Someone filed a bug report claiming that GCC has a bug how it handles signed integer under/overflow and this individual got the following response:

signed type overflow is undefined by the C standard, use unsigned int for the addition or use -fwrapv.

The bug reporter seemingly was frustrated as GCC in previous version did not have this “issue”. Here is one of the responses he wrote:

You have GOT to be kidding?

All kinds of security issues are caused by integer wraps, and you are just telling me that with gcc 4.1 and up I cannot test for them for signed data types any more?!

You are missing the point here. There HAS to be a way to get around this. Existing software uses signed int and I can’t just change it to unsigned int, but I still must be able to check for a wrap! There does not appear to be a work around I could do in the source code either! Do you expect me to cast it to unsigned, shift right by one, and then add or what?!

PLEASE REVERT THIS CHANGE. This will create MAJOR SECURITY ISSUES in ALL MANNER OF CODE. I don’t care if your language lawyers tell you gcc is right. THIS WILL CAUSE PEOPLE TO GET HACKED.

I found this because one check to prevent people from getting hacked failed.

THIS IS NOT A JOKE. FIX THIS! NOW!

Finally, I want to highlight that initial responder concluded that (the thread goes on with a lot of responses, take a look for yourself):

I am not joking, the C standard explictly says signed integer overflow is undefined behavior.

There are countless posts on bug reporting portals and on forums such as Stack Overflow about this issue. But who is correct? Let us take a concrete example of this issue at hand. Consider that we need to implement a secure and robust function for addition that avoids underflow and overflow. For our purposes we would simply return 0 to indicate that we have an overflow/underflow. C-code for this problem could look like this:

1
2
3
4
5
6
7
8
9
10
11
12
int safe_addition(int a, int b) {
  if (a > 0) {
    if (b > 0 && a + b < 0) {
      return 0; // overflow
    }
  } else {
    if (b < 0 && a + b > 0) {
      return 0; // underflow
    }
  }
  return a + b;
}

Compiling this in GCC 12.2 (Godbolt) using O0 (i.e. no optimizations) will result in the following:

safe_addition(1, INT_MAX)  -> 0
safe_addition(-1, INT_MIN) -> 0

It works as expected, both underflow and overflow is successfully captured by our logic and we return 0 in both cases. Now using the same code but enabling compiler optimizations using O2 (Godbolt), we instead get the following output:

safe_addition(1, INT_MAX)  -> -2147483648
safe_addition(-1, INT_MIN) -> 2147483647

The observed result of our function is now broken, as it no longer seems to protect us against underflow/overflow. Code like this have been found in applications such as SQLite, PostgreSQL, Python, OpenSSL, etc. (1). These checks may be very important and as such removing them might be a source of severe vulnerability, opening up the possibility for buffer overflow attacks etc.

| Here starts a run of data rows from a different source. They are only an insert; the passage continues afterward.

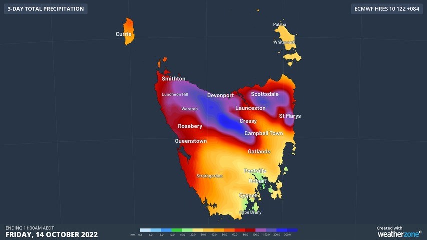 A number of forecast models suggest that accumulated falls of 150 to 250 mm are possible in northern Tasmania between Wednesday and Friday, most of which will hit the ground on Wednesday night and Thursday. This rain is likely to cause flooding.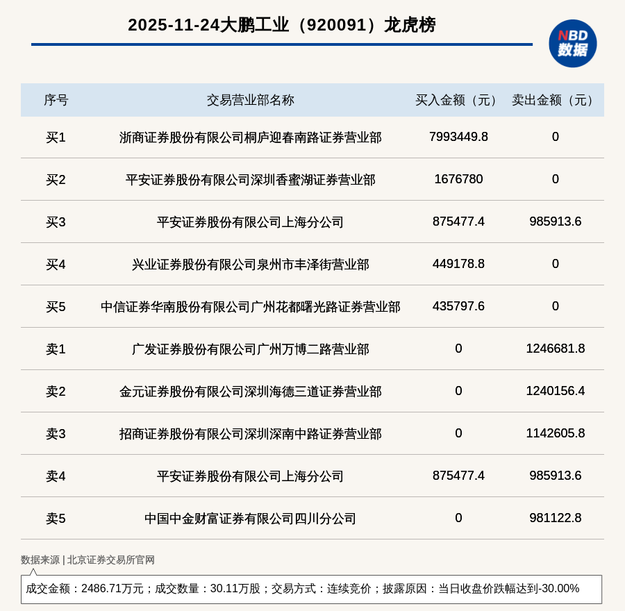 每經訊,2025年11月24日,北交所上市公司大鵬工業(920091,收盤價:82.6元)登上龍虎榜,交易方式是連續競價,披露原因是當日收盤價跌幅達到-30.00%,成交數量30.11萬股,成交金額2486.71萬元。買一席位為浙商證券股份有限公司桐廬迎春南路證券營業部,買入799.34萬元;賣一席位為廣發證券股份有限公司廣州萬博二路營業部,賣出124.67萬元。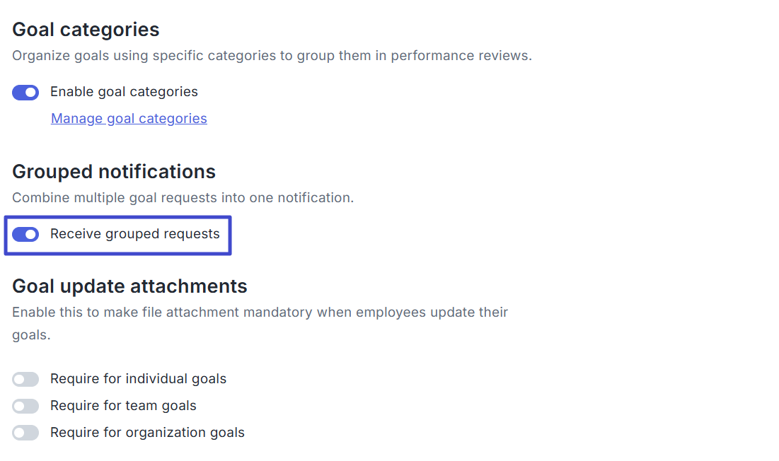 - Next, in the Goal update attachment section, you can slide the toggle for Individual, Team, and/or Organization (goal categories) if you want to enforce mandatory goal attachments.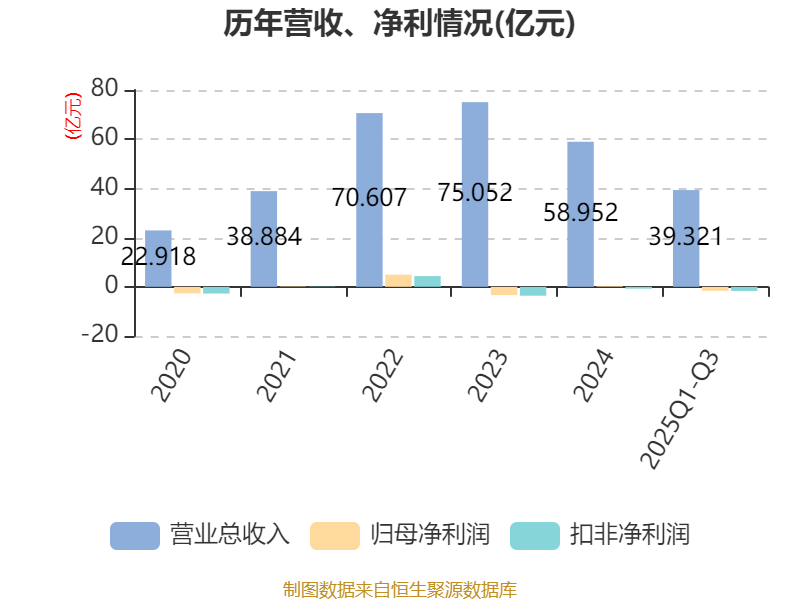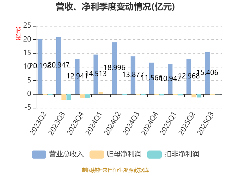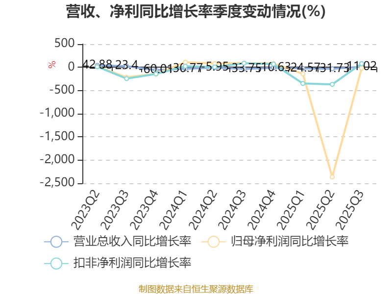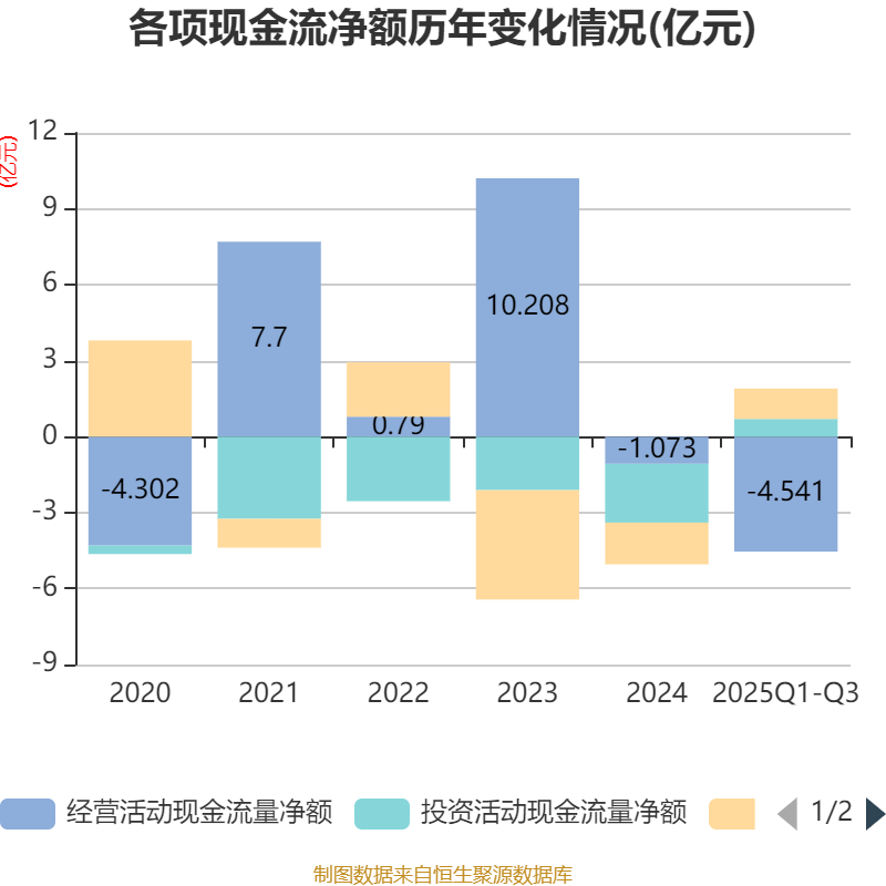 2025年前三季度,公司经营活动现金流净额为-4.54亿元,同比减少5.39亿元;筹资活动现金流净额1.2亿元,同比增加3.56亿元;投资活动现金流净额7012.85万元,上年同期为-4.25亿元。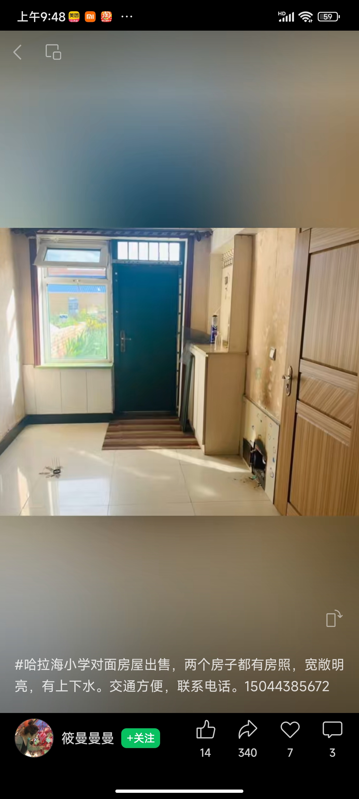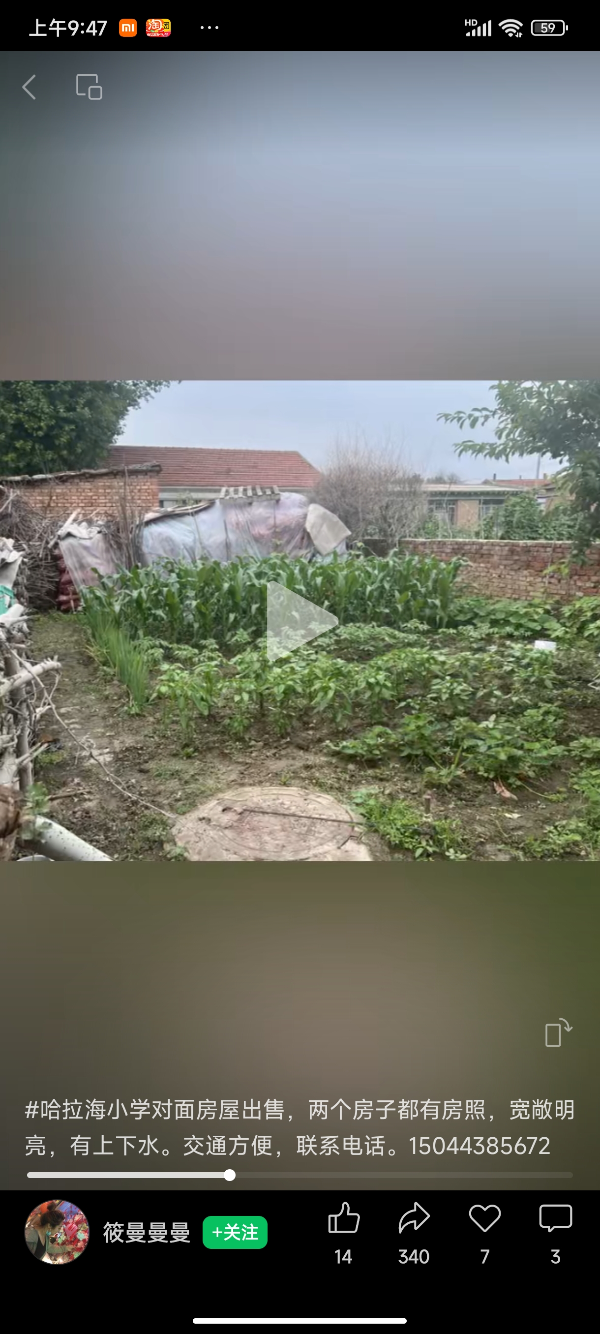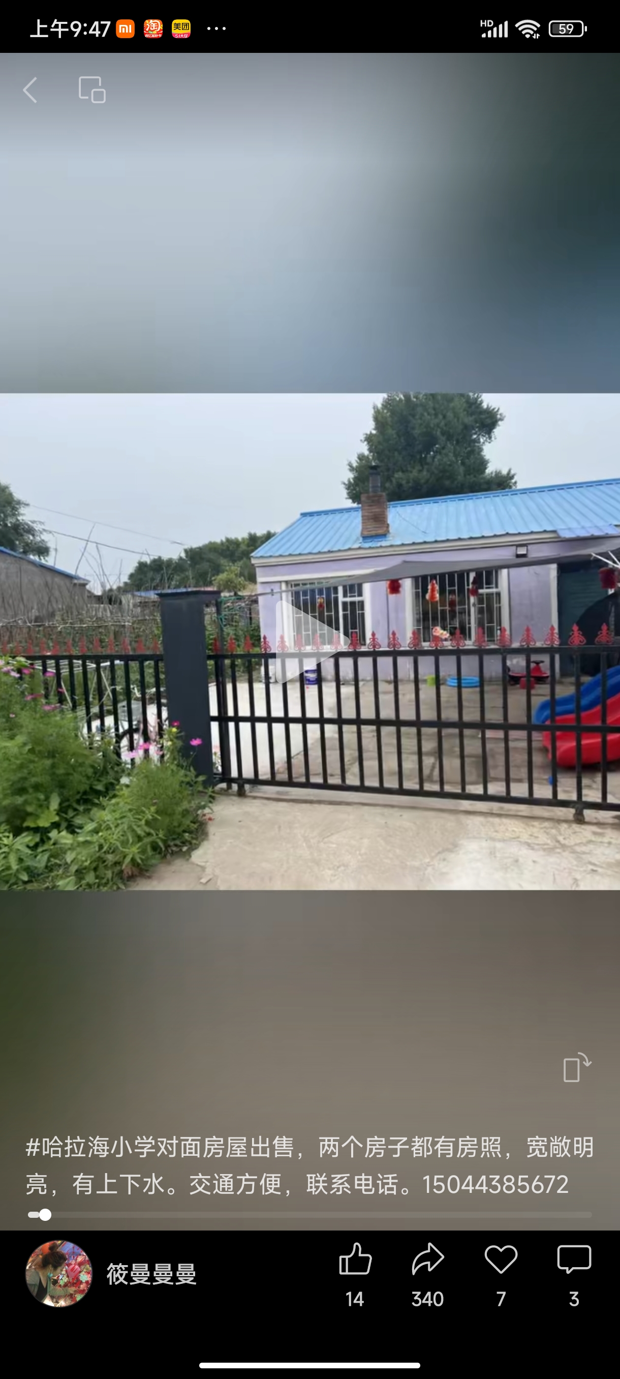 #哈拉海小学对面房屋出售,整个院子600平,两个房子都有房照,都是三间房,宽敞明亮,有上下水。交通方便,联系电话。

So is the code wrong or do the compiler have a bug? The code is wrong! A compiler for a mature language like C is promising to follow a strictly defined specification and anything that is not defined by the specification will cause undefined behavior. A compiler is free to do whatever it wants whenever it encounters undefined behavior, it may delete your hard drive, crash, produce a correct result or produce a wrong result (or famously known in the programming language community it may also make demons fly out of your nose). In the C standard overflow and underflow is undefined behavior for signed integers. The implications of this is that the compiler is free to assume that it will never happen. So with an optimizing pass the compiler will turn our code into (GCC => 4.1):

1
2
3
4
5
6
7
8
9
10
11
12
int safe_addition(int a, int b) {
  if (a > 0) {
    if (b > 0 && false) { // a + b < 0 turned into false
      return 0; // overflow
    }
  } else {
    if (b < 0 && false) { // a + b > 0 turned into false
      return 0; // underflow
    }
  }
  return a + b;
}

Then with dead code elimination our code will look like:

1
2
3
int safe_addition(int a, int b) {
  return a + b;
}

From the perspective from a compiler it is sane to assume that undefined behavior will not happen and thus it is only logical to turn such expression that test for undefined behavior that themself are relying on undefined behavior to false. But note that it would have been legal to turn these expressions to true.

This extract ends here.